--- Data records ---

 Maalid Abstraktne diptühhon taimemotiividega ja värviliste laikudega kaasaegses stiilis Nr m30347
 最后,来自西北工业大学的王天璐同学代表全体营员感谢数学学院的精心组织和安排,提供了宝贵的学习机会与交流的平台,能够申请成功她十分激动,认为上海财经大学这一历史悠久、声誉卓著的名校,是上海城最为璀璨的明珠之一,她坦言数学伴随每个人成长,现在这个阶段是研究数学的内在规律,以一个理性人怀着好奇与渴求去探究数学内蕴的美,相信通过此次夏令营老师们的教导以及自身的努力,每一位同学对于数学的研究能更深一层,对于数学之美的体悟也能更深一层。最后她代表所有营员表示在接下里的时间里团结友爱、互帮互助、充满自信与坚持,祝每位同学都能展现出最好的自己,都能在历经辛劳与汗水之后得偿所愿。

---
--- Data records ---

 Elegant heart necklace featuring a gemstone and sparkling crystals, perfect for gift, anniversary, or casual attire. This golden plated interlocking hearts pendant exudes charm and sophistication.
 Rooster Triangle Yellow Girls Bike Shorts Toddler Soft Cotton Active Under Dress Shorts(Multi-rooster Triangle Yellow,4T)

---
--- Data records ---

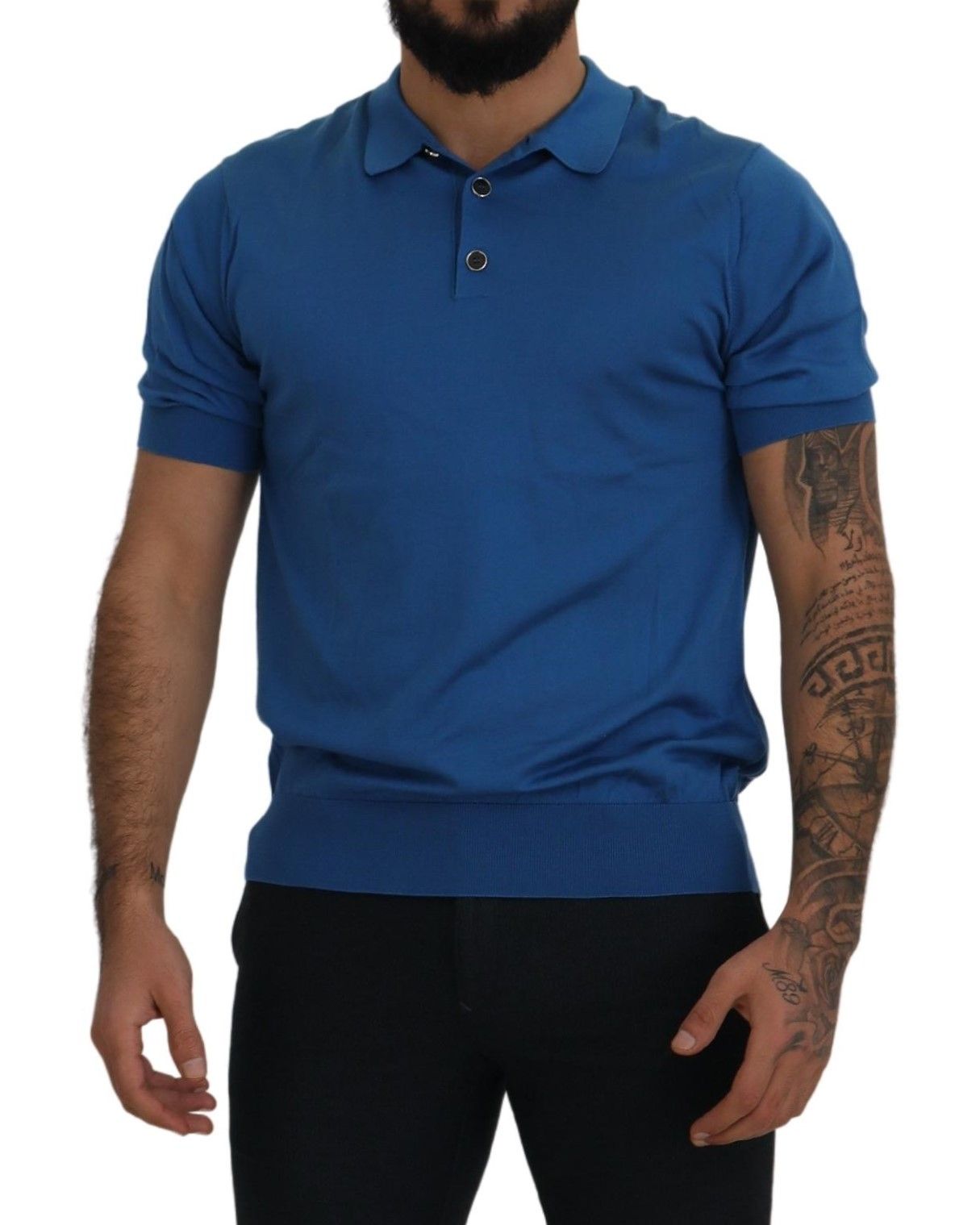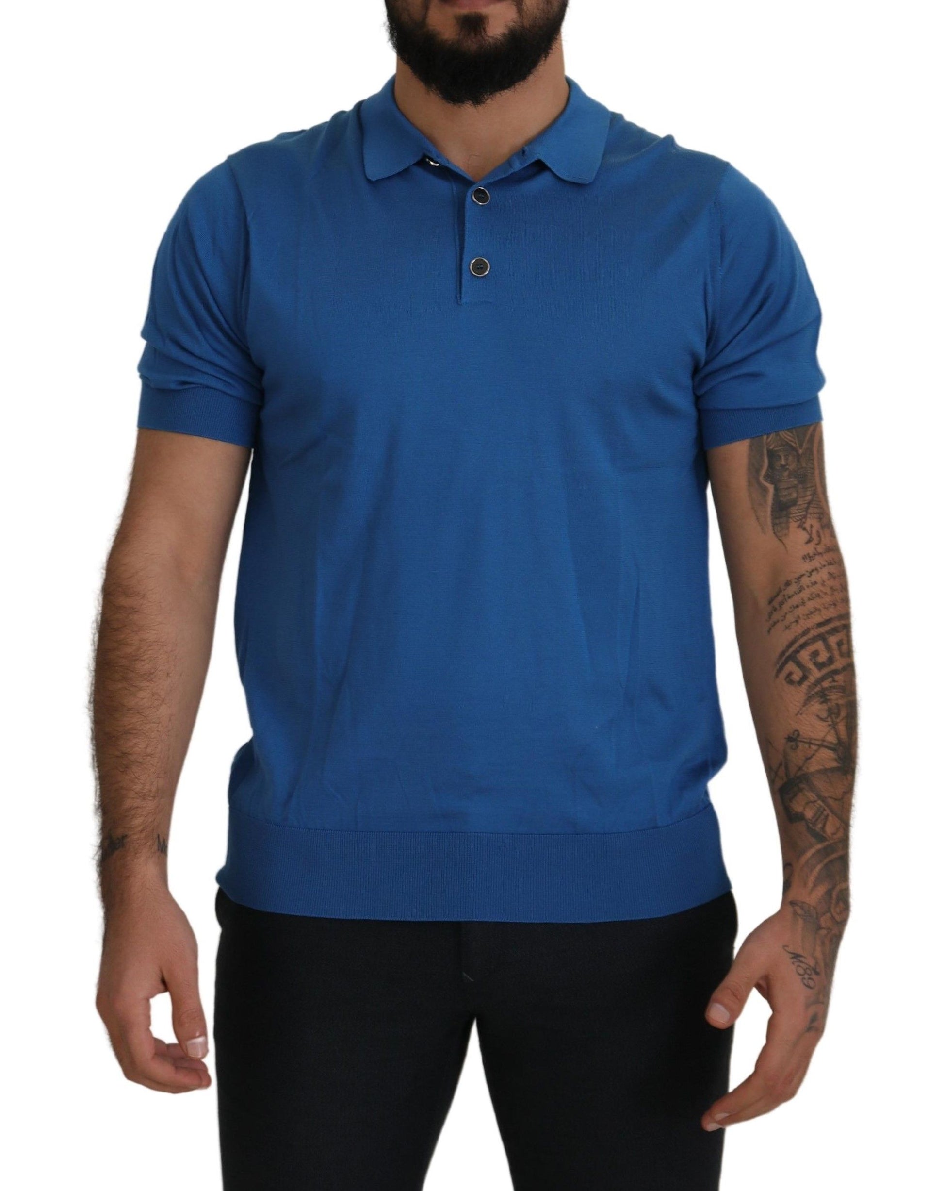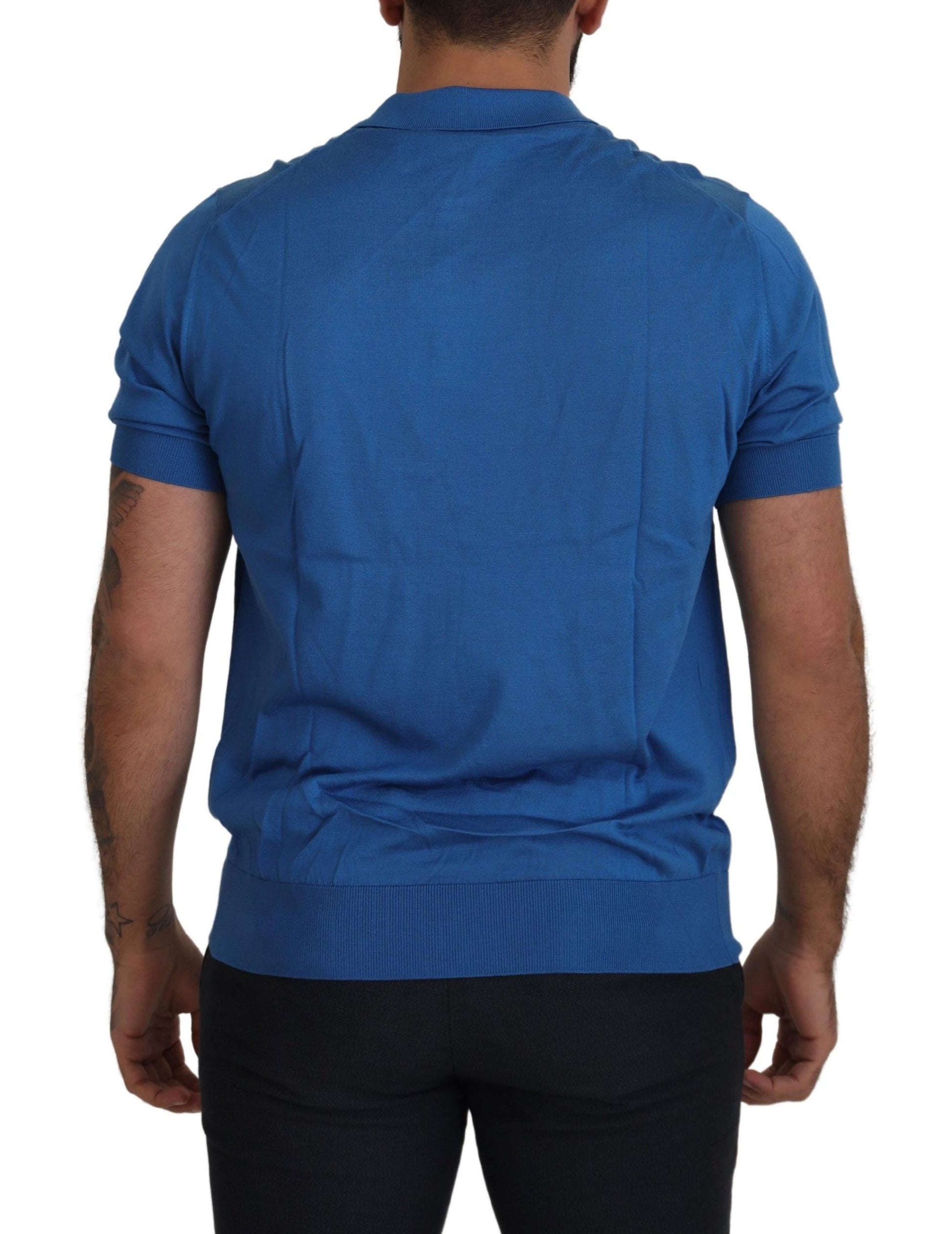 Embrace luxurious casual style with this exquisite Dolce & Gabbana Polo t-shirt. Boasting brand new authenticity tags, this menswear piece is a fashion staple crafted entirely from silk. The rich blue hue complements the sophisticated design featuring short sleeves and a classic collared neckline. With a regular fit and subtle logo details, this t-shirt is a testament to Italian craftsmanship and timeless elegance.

---

### Assignment
Of all the entries above, repeat only the lines from the line that has "Elegant heart necklace" to the line that has "Rooster Triangle Yellow Girls", both lines included, exactly.

### Solved problem
 Elegant heart necklace featuring a gemstone and sparkling crystals, perfect for gift, anniversary, or casual attire. This golden plated interlocking hearts pendant exudes charm and sophistication.
 Rooster Triangle Yellow Girls Bike Shorts Toddler Soft Cotton Active Under Dress Shorts(Multi-rooster Triangle Yellow,4T)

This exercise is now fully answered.